Find the length of the longest substring with all unique characters. Gusto asks this as a sliding-window archetype — they want to see a clean window-shrink step that jumps the left pointer past the duplicate, not just nudges it one step.

By Alex Chen, Founder, InterviewChamp.AI · Last verified

Source citations

Public interview reports confirming this problem appears in Gusto loops.

  • Glassdoor (2026-Q1)Frequently cited in Gusto phone-screen and onsite reports as the canonical sliding-window medium.
  • Blind (2025-11)Gusto SWE threads list this as a high-frequency problem with follow-ups on ASCII vs Unicode character sets.

Problem

Given a string s, find the length of the longest substring without repeating characters.

Constraints

  • 0 <= s.length <= 5 * 10^4
  • s consists of English letters, digits, symbols and spaces.

Examples

Example 1

Input
s = "abcabcbb"
Output
3

Explanation: The substring 'abc' has length 3.

Example 2

Input
s = "bbbbb"
Output
1

Explanation: All characters are the same; longest unique window is any single 'b'.

Example 3

Input
s = "pwwkew"
Output
3

Explanation: The substring 'wke' has length 3.

Approaches

1. Sliding window with last-seen index map

Expand the right pointer character by character.

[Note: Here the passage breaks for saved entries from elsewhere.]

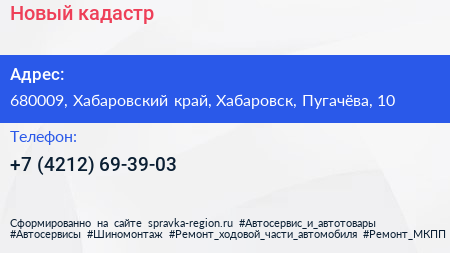 Новый кадастр по адресу 680009, Хабаровский край, Хабаровск, Пугачёва, 10 в дальнейшем Организация, размещена в следующих категориях:
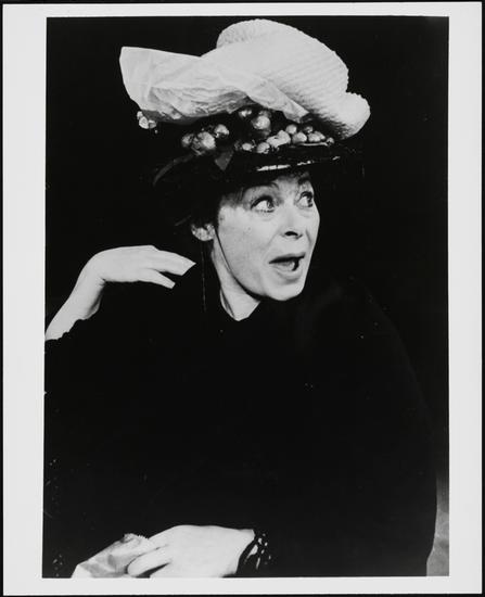 [Siobhan McKenna with Geraldine Fitzgerald backstage at Roundabout Stage One on the eve of McKenna's performance of "Here Are Ladies".]
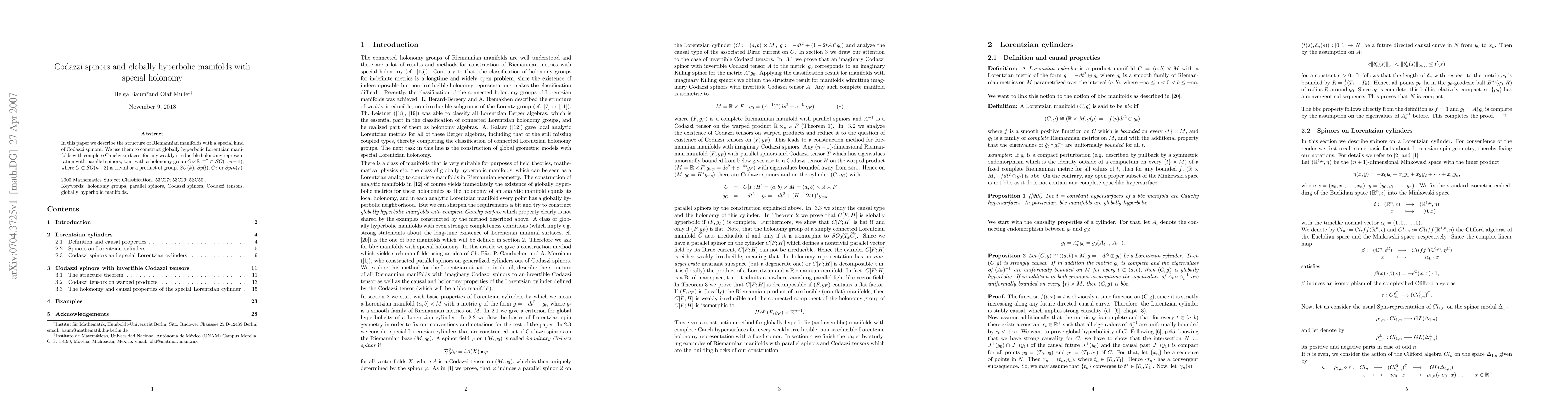 The paper examines Riemannian manifolds with special Codazzi tensors, constructing globally hyperbolic Lorentzian manifolds with complete Cauchy hypersurfaces using weakly irreducible holonomy representations with parallel spinors.
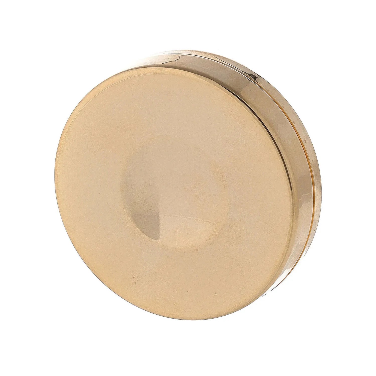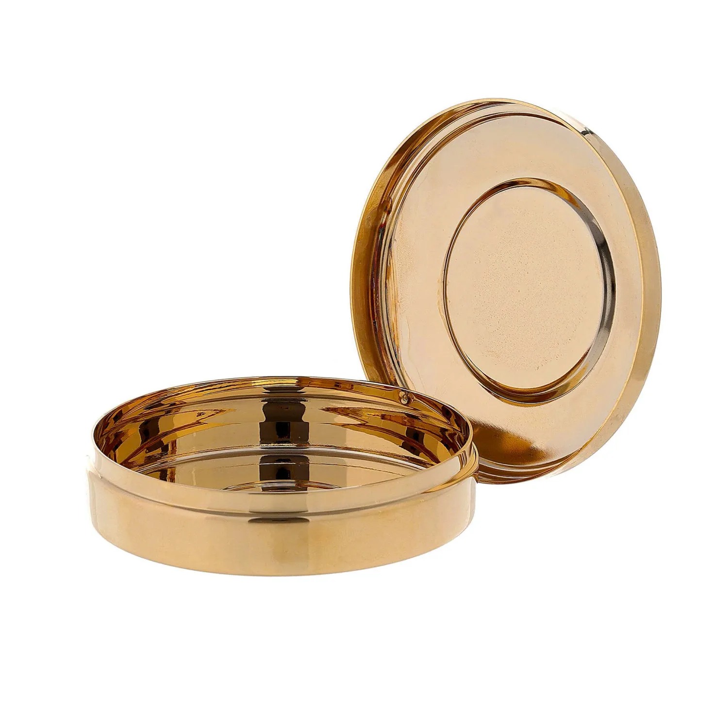 Caixa para hóstias em latão banhado a ouro com símbolo IHS na tampa.

If the character was seen within the current window, jump left to one past its previous position. Track maximum window size.

Time
O(n)
Space
O(min(n, charset))
function lengthOfLongestSubstring(s) {
  const lastSeen = new Map(); // char -> last index seen
  let maxLen = 0;
  let left = 0;
  for (let right = 0; right < s.length; right++) {
    const ch = s[right];
    // if seen and within the current window, jump left past it
    if (lastSeen.has(ch) && lastSeen.get(ch) >= left) {
      left = lastSeen.get(ch) + 1;
    }
    lastSeen.set(ch, right);
    maxLen = Math.max(maxLen, right - left + 1);
  }
  return maxLen;
}

Tradeoff: Single pass, O(n) time. The last-seen index approach allows the left pointer to jump directly rather than step one at a time, which is more efficient in practice.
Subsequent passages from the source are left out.